While criminal statistics appear to prove that sexual offences are becoming more frequent in society, seemingly keeping even more than pace with the march of modern intelligence, and while many ascribe this increase to the leniency of law in dealing with them, contrasting the few months' imprisonment commonly imposed with the burning alive, hanging, and quartering of previous generations, I am inclined to think the cause should be sought in an entirely different direction. Punishment has little terror for the confirmed criminal, the recidivist. " It is a long quarter of an hour to pass," said Cartouche, speaking of his approaching execution.1 The scaffold does not suppress nor hinder those passions which are stronger than death— Lust, Vengeance, Jealousy. It only deters from the lesser crimes. Let us seek a cause in the law itself. To the eye of Justice, in the matter of sexual crime, the effect, as Ovid well says, rather than the cause, is most frequently visible.2 The superficial treatment of actB which deeply concern society, makes it easy, as a thoughtful writer remarks,8 to treat a delinquent, who is as dangerous to society as a wild beast, or a murderer, as a mere criminal; locking him up for a specified time, and then turning him loose to prey upon society again, without the slightest attempt to analyze his mental condition or provide a cure for the social evil. The truer knowledge of the psychopathologist, in such a case, after examination had established the fact that reformation was impossible, would prompt the removal, permanently, of such a degenerate, both sexually and mentally perverted, not for punitive but preventive reasons.
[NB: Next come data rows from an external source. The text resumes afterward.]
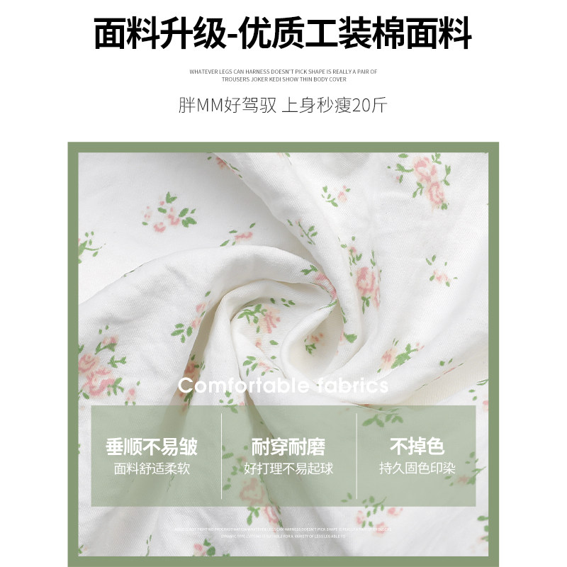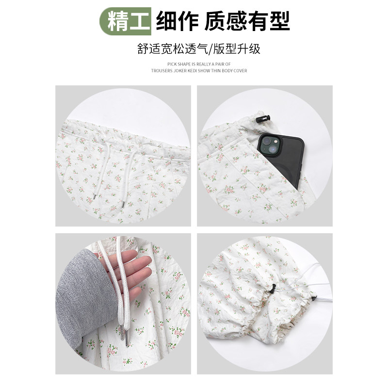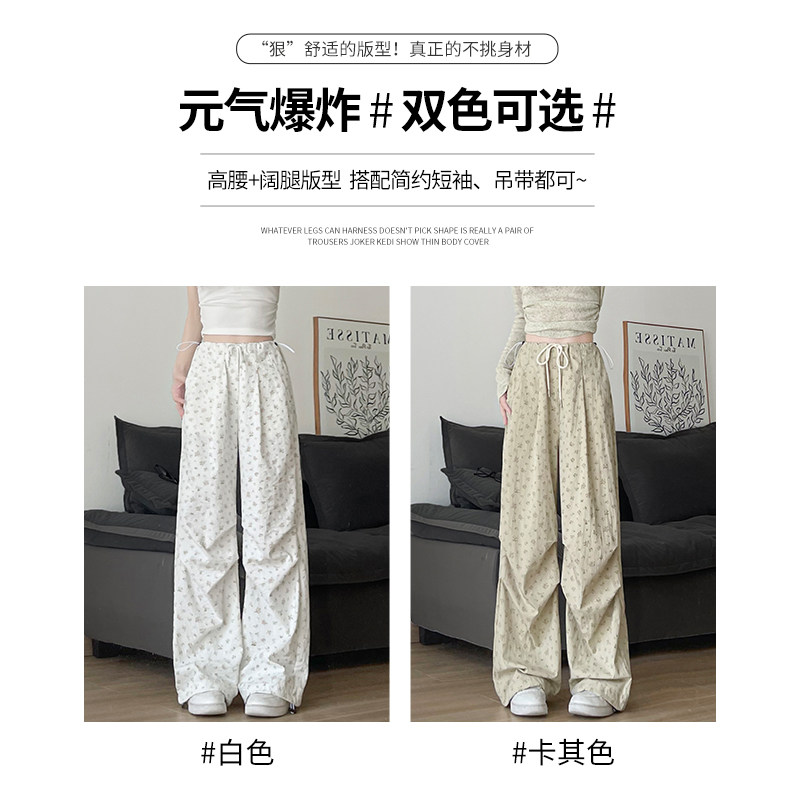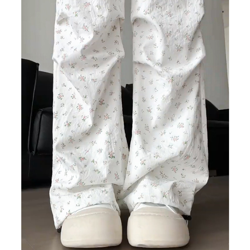 Белые штаны, быстросохнущий парашютист, цветочный принт, высокая талия, в американском стиле
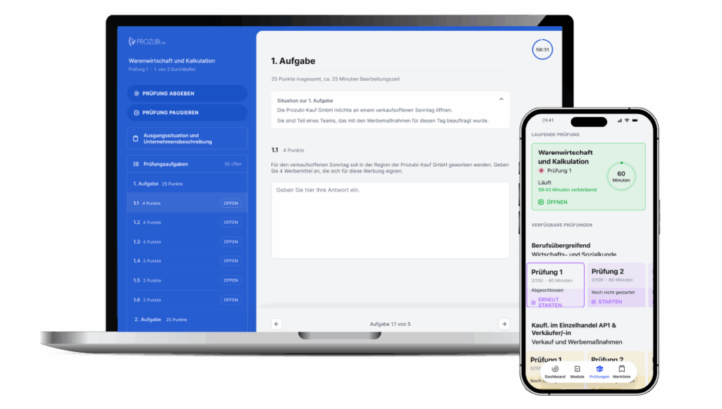 Zusätzlich arbeiten wir aktuell an Prüfungssimulationen für weitere Berufe. Für Industriekaufleute (Demo bereits verfügbar) und Kaufleute im E-Commerce werden unsere Prüfungssimulationen ab Januar verfügbar sein.
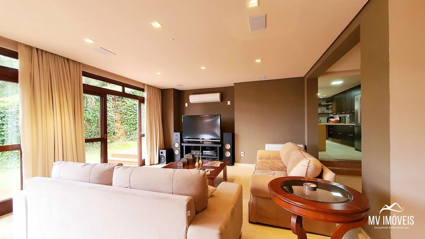 Construída dentro no condomínio Aspen Mountain em Gramado, com mais de 1100 metros quadrados, muito bem distribuída com ambientes íntimos e sociais que aproveitam muito bem a posição e a vista para o vale.

As previously stated in these pages, it is always important to bear in mind that a perverse sexual act by no means always indicates perversity of instinct. Normal sexual acts are quite frequently performed by pronounced inverts; and abnormal, and even flagrantly criminal, acts, are just as frequently performed by persons of wholly sound mind and sexuality. But, even with perversity of instinct, it must be clearly shown that the specific act was of pathological origin to entitle the offender to legal clemency. And this brings us back to the initial premise—that all such abnormal acts ought, in the strictest justice to both culprit and humanity, to be made the subject of careful preliminary medical examination.